Still, she had always loved this cabin and if staying in it until the snow reached the rafters was the only way she’d get it, she was game.
Staying in the wilds of the Upper Peninsula for a month was a small price to pay to keep her cousin from getting possession of it and selling it to some developer, no matter what time of the year she had to do it in.
Garret Winslow had always been a greedy bastard. The two million dollars left to him by his parents wasn’t enough. It would never be enough. These three hundred and seventy acres surrounding Sleeping Bear Lake were ripe for the picking, according to Garret. Her grandparents had owned every bit of property surrounding the lake, with the exception of a one hundred and fifty-acre swath on the northern end, owned by the descendants of the man who had discovered and named the lake with one of her ancestors over one hundred and thirty years before.
“Well...” Roxie took a deep breath and blew it out. “I’d better get that generator running or I’m going to be freezing tonight.”
She’d brought a thermal sleeping bag, but it was no match for the huge pellet stove her grandfather had installed and hooked into the central heating ducts.
Cold fingers fumbled with the seatbelt until it finally gave. She opened the door and slid from the big truck. The frigid air hit her hard, taking her breath away. Wrapping her scarf around her face, she trudged toward the front door, her keys in her hand.

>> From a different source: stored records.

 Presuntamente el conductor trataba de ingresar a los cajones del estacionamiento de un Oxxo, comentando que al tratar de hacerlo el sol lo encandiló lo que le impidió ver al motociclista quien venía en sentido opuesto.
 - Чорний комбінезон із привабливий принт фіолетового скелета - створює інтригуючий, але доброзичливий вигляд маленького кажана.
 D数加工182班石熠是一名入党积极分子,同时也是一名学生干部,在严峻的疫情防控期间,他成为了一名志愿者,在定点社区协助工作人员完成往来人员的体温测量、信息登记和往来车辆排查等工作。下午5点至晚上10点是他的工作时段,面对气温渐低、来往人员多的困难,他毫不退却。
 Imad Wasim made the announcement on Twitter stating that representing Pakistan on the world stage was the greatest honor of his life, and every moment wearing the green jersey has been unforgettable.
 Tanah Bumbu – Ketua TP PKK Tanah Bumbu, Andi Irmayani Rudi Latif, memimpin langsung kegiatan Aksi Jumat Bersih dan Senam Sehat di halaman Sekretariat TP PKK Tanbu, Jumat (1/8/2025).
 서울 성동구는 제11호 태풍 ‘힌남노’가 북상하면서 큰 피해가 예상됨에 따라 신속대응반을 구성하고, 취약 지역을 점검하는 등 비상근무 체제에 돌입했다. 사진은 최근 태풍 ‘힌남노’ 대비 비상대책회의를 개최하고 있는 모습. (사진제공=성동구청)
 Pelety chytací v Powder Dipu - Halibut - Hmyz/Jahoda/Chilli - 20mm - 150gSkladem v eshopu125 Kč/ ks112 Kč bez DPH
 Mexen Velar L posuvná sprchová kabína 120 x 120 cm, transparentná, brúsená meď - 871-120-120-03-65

Garret will sell this land over my dead body. Roxie shivered at the thought, or was it the cold? After all, she hadn’t braved a Michigan winter in fifteen years. Not since her parents had moved to the mountains of Virginia. It was cold in the mountains, but not as cold as Michigan’s Upper Peninsula.
Grabbing her keys, she headed for the front porch. Gently, she tested the steps, hoping they wouldn’t collapse beneath her. It had been a few years since her grandfather had been able to work on the cottage. She swiped the tears from her eyes as she fit the key into the lock and opened the door.

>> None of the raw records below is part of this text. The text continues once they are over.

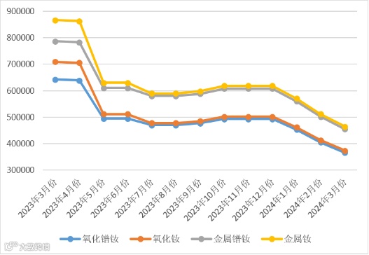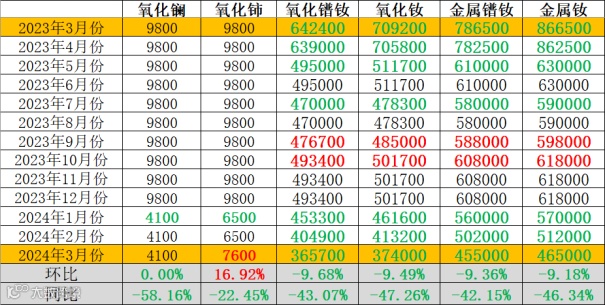 与2023年3月同期相比,氧化镧、氧化铈同比下降,降幅分别为58.16%、22.45%;镨钕系金属及其氧化物价格同比下降,氧化镨钕、氧化钕、金属镨钕、金属钕同比降幅分别为43.07%、47.26%、42.15%、46.34%。
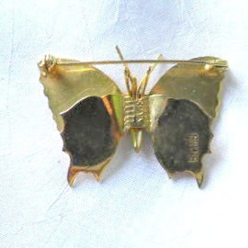 Description: Nice enameled butterfly pin over a gold tone base. Colors are orange, white and black; body and antenna are gold. It is marked Spain and in good condition. The size is 1-5/8" x 1-1/8".
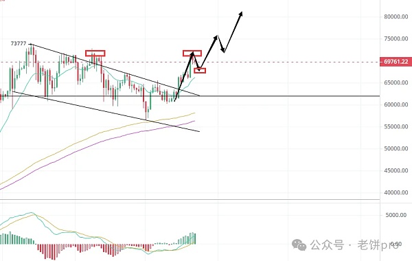 目前日线突破小级别回踩,高位震荡 都在等这两天的etf现货审批结果,如果这次通过了 那么新高这个位置应该会直接上去了
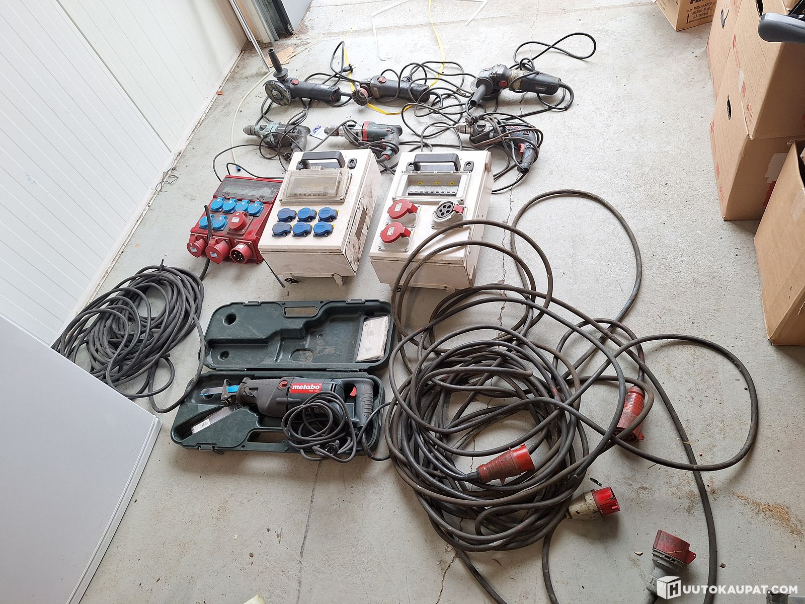 Erä sähkötyökaluja ja 3kpl työmaakeskusia + johtoa. Helsingin konttikeskus oy konkurssipesä, Järvenpää

The floor creaked beneath her feet as she entered. As always, her grandmother’s rag rugs were strewn across the shining, hardwood floor. She inhaled, taking in the smell of musty cloth and old wood. Gone was the scent of her grandmother’s perfume and lavender essential oil. Dust covered everything and the once warm and happy summer home felt cold and lonely.
Shivering, she wrapped her arms around herself and headed for the back. The door in the kitchen led to the shed and the generator. Unlocking the door, she opened it and headed back to the front door and her SUV. The spark plugs, oil, filter and battery she’d purchased from the local hardware store would surely help it start up. With luck, what she had would be all it would need.
She rummaged through the back of her vehicle and grabbed the wrench, battery, and the maintenance supplies she’d purchased. She headed back to the house, went out through the kitchen door and to the shed.